2026-06-04 –, Track 2
Many organizations are developing LLM‑based applications to improve productivity, supported by the growing number of platforms that simplify their creation. However, integrating LLMs into applications introduces new security risks, as adversaries can exploit models through natural‑language–based attacks such as prompt injections and jailbreaks. Successful attacks can lead to sensitive data leakage, reputational harm, or deeper compromise of internal digital environments.
These risks highlight the need for structured, repeatable, and context‑aware security testing for LLM‑enabled applications. Therefore, we would like to present ProViLE: a systematic approach and supporting open‑source tool for prompt‑based security testing of LLM‑enabled applications. ProViLE emphasizes that effective tests are highly dependent on the context of the application. The approach guides practitioners through four key steps: (1) defining potential attack objectives, (2) identifying relevant attack techniques, (3) formulating corresponding attack prompts, and (4) evaluating the LLM application’s responses to the attack prompts.

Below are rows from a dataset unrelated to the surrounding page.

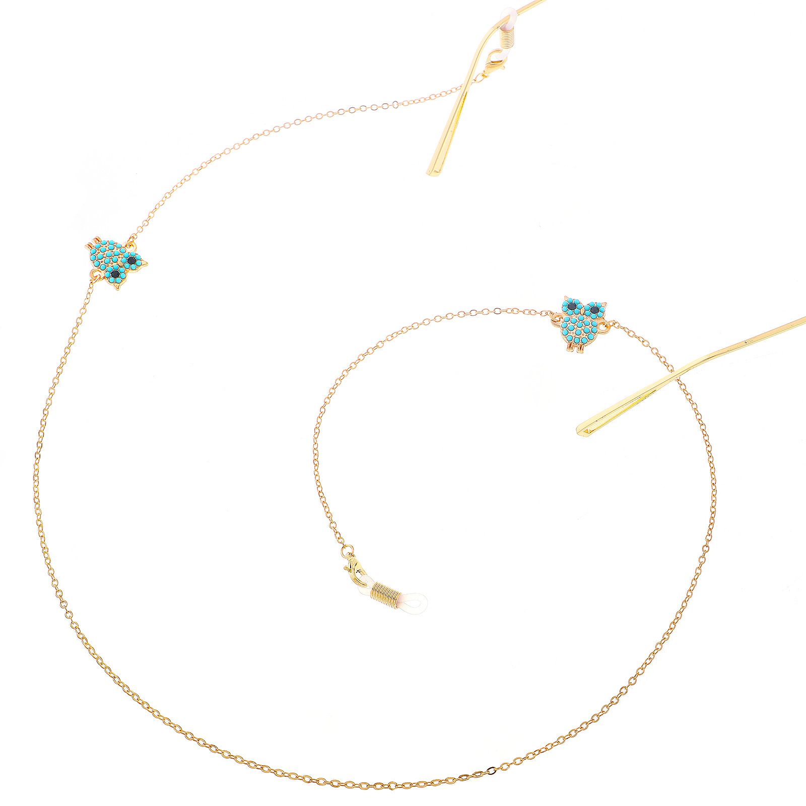 Metal non-slip chain gold, with pendant owl, for glasses and masks GL255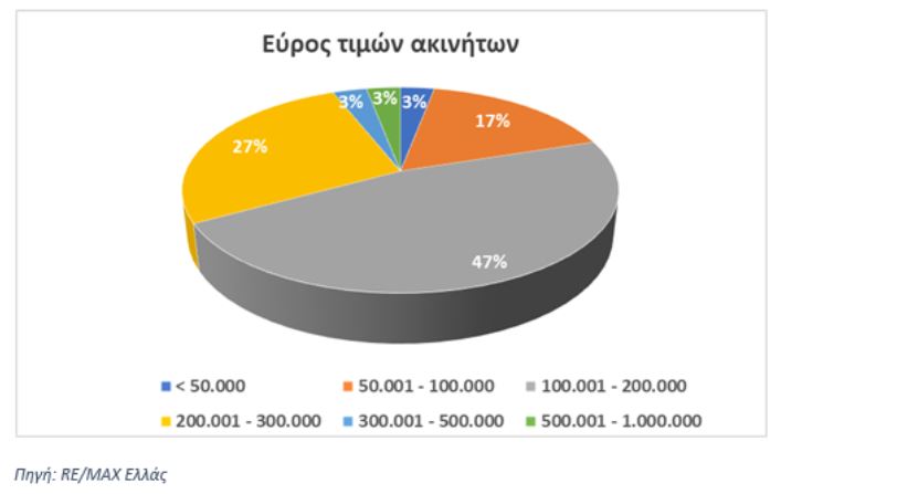 Αξίζει να τονιστεί, ότι το μεγαλύτερο μέρος των συναλλαγών όσον αφορά την αξία του ακινήτου, εντοπίζεται στην κατηγορία μεταξύ 100.001 ευρώ και 200.000 ευρώ (47%), ενώ η κατηγορία ακινήτων αξίας από 200.001 ευρώ έως 300.000 ευρώ επιλέχθηκε από το 27% του συνόλου των ξένων αγοραστών. Την ίδια στιγμή, το 17% των εν λόγω αγοραστών επέλεξαν ακίνητα αξίας από 50.001 ευρώ έως 100.000 ευρώ, ενώ πολύ πιο περιορισμένες είναι οι αγορές για ακίνητα αξίας έως 50.000 ευρώ και για ακίνητα αξίας από 300.001 ευρώ έως 500.000 ευρώ και από 500.001 έως 1.000.000 (το ποσοστό για την κάθε κατηγορία ανέρχεται σε 3%).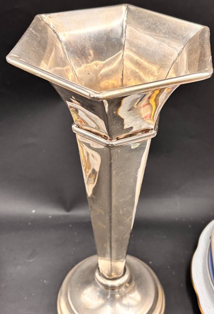 grosse, versilberte Vase, H-35 cm, D-oben 17 cm, minimale Dellen [1]
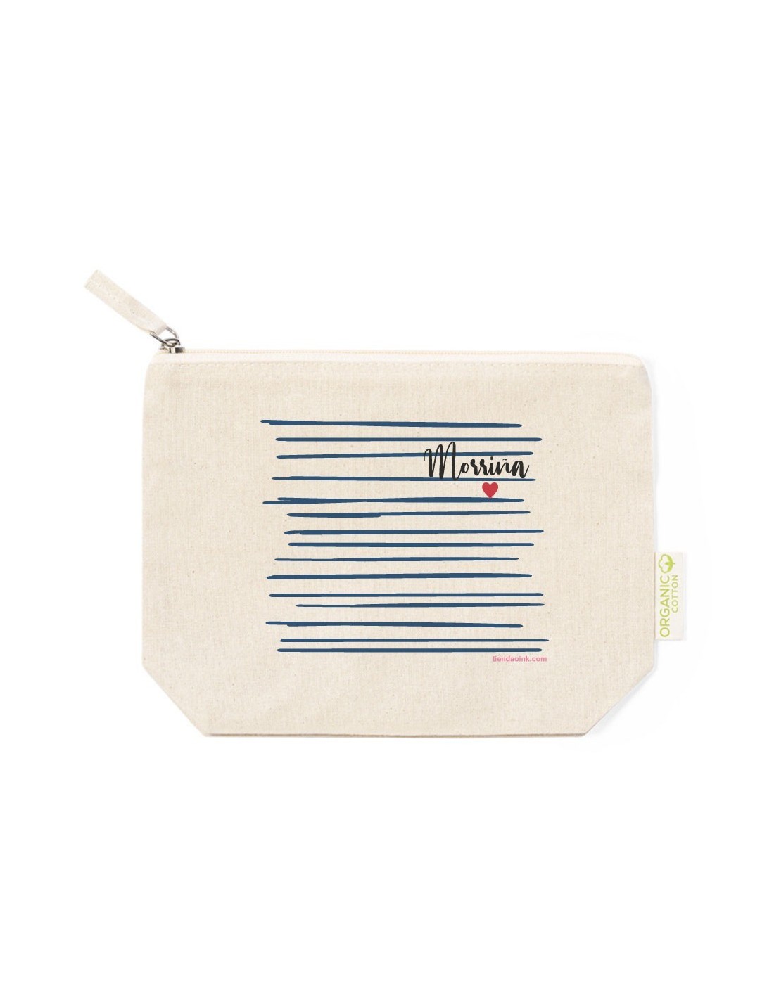 Práctico y ligero neceser de algodón con cierre de cremallera decorado con el mensaje "morriña".

The ProViLE tool automates the final two steps by using LLMs to (3) generate attack prompts from objectives and techniques, and (4) evaluate whether a response constitutes a successful attack based on the objective and a scoring rubric. This enables scalable and consistent testing across diverse application contexts. The result is a structured overview of the security posture of an LLM‑based application across custom security considerations.
ProViLE aims to facilitate the penetration‑testing workflow for LLM applications, but can also be used by development teams to conduct initial baseline assessments before deployment. By open‑sourcing our work, we hope to support the broader development of secure LLM‑based systems.
Outline:
During the talk, we will cover several parts of the paper and tool. Both are publicly available, and the tool is open source. With the talk, we hope to give the listeners more insight on how to make a better indication of the risks an LLM may introduce in their applications. We aim to make the talk interesting for both beginners and more experienced cyber specialists in the LLM area.
The following (sub)points will be discussed during the talk
- Why LLM Security Is a Growing Concern
- LLMs are widely adopted, meaning that many modern applications now include LLM in a way.
- LLMs are still relatively new and therefore lack mature pentesting practices.
- Specific attacks, such as prompt-based attacks, are often successful.
- Why Prompt Based Attacks Actually Work
- LLMs are trained to fulfil the users’ requests. This instruction can intervene with given security guidelines.
- Some other guardrails, such as in- and output filters, can be bypassed.
- Challenges in Testing LLM Applications
- Traditional vs ‘LLM Pentesting’
- Hallucinations
- LLMs are non-deterministic, making it harder to find vulnerabilities.
- Introducing ProViLE: Goals and Approach
- 4-step approach to facilitate Prompt Based Testing for LLMs.
- How to systematically find vulnerabilities in LLM based applications.
- The Four Step Framework
- (1) Defining attack objectives
- (2) Identifying relevant attack techniques
- (3) Prompting the LLM
- (4) Evaluate the response
- How the PRoViLE Tool Automates Prompt Generation & Evaluation
- Use of attacker and judge LLM.
- Structured attacker and judge prompt templates.
- Single shot vs multi shot prompting.
- Demo Run
- Small live demonstration of ProViLE on an LLM-based application.
- How Teams Can Start Using ProViLE Today
- Open source tooling
- Code is on GitHub, paper/flyer can be used as a ‘deep dive’ into LLM application testing.
- Limitations & Future Enhancements
- Currently focussed on LLMs with Extensions, such as RAGs.
- Future enhancements may include AI Agent support and agentic support.
- We aim to build an active open-source community, hoping to support the broader development of secure LLM-based systems.
- Conclusion & Takeaways
- Pentesting LLM-based applications is fundamentally different than traditional pentesting.
- Pentesting your LLM application is important and should not be underestimated / seen as an afterthought.
- The ProViLE approach and tooling enable structured identification of vulnerabilities that are specific to the context in which an LLM-based application is deployed.
Rajeck Massa is a Cyber Security scientist at TNO, where he contributes to applied research across system and software security, AI security, and advanced detection and innovation. He holds an MSc in Computer Science from Leiden University and joined TNO after completing an internship there. In his work, Rajeck is involved in research projects that study how complex technical systems can be abused under realistic adversarial conditions, ranging from low‑level software components to modern AI‑enabled applications. His interests include developing and validating practical security testing methodologies, particularly in areas where existing approaches fall short. Through his research, he aims to help bridge the gap between emerging technologies and actionable security practice.